A radium release hitch is a load-releasing hitch using 3:1 mechanical advantage which is used in a two-rope technical rescue system. The Radium Release Hitch allows a load to be transferred from one rope to another and is commonly rigged into the belay line prior to the operation of a two-rope technical rescue system.

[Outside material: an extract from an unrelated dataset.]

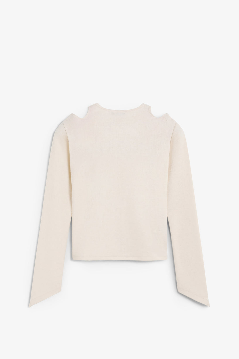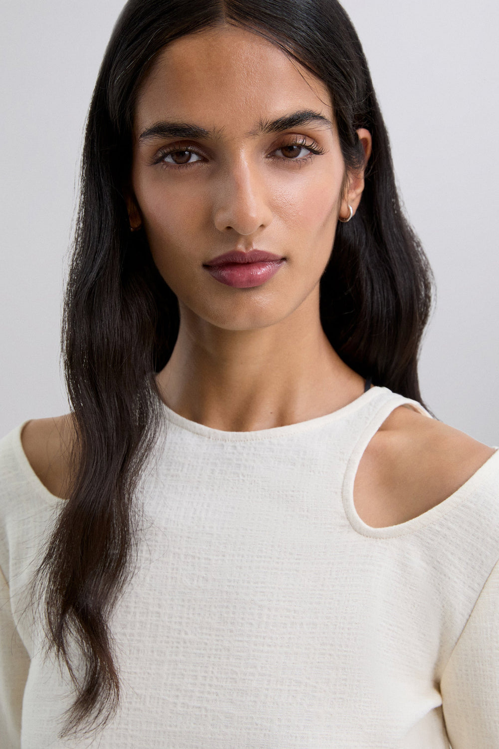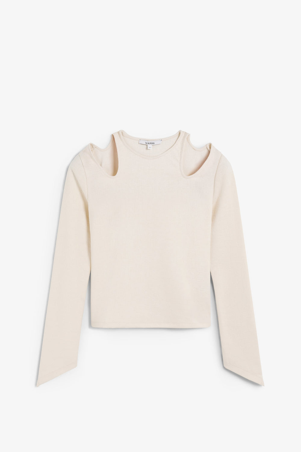 T-shirt made of cotton. Long sleeves with asymmetric finish. Round neck. Shoulder slits.

A radium release hitch is typically tied with 10 meters of 8mm rope and two locking carabiners. A reasonable length for the hitch (distance between the 2 carabiners) is 10 to 15 cm.

== History ==
The Radium Release Hitch was developed by Kirk Mauthner (who lives near Radium Hot Springs, hence the name) as a result of the extensive comparative analysis of release devices undertaken during 1997 through 1999

== Usage ==
- Passing knots
- Untensioning a locked lowering device or locked up prussiks.

== Tying ==
- Tie a figure 8 on a bight at one end of the cord and clip it into the load carabiner on its spine side.
- Clip the standing part of the rope through the anchor carabiner and back down through the load carabiner; bring the rope back up to the anchor carabiner.
- Tie a Munter hitch on its gate side of the anchor carabiner. Ensure that the Munter hitch is in the release position with the in-feed rope toward the gate side of the carabiner
- Secure the Radium Release Hitch using a bight to tie a half hitch on a bight around the entire stem below the Munter hitch, and then back it up with an overhand on a bight knot again around the entire stem.
- Tie a figure 8 on a bight at the other end, and clip it to a secure anchor.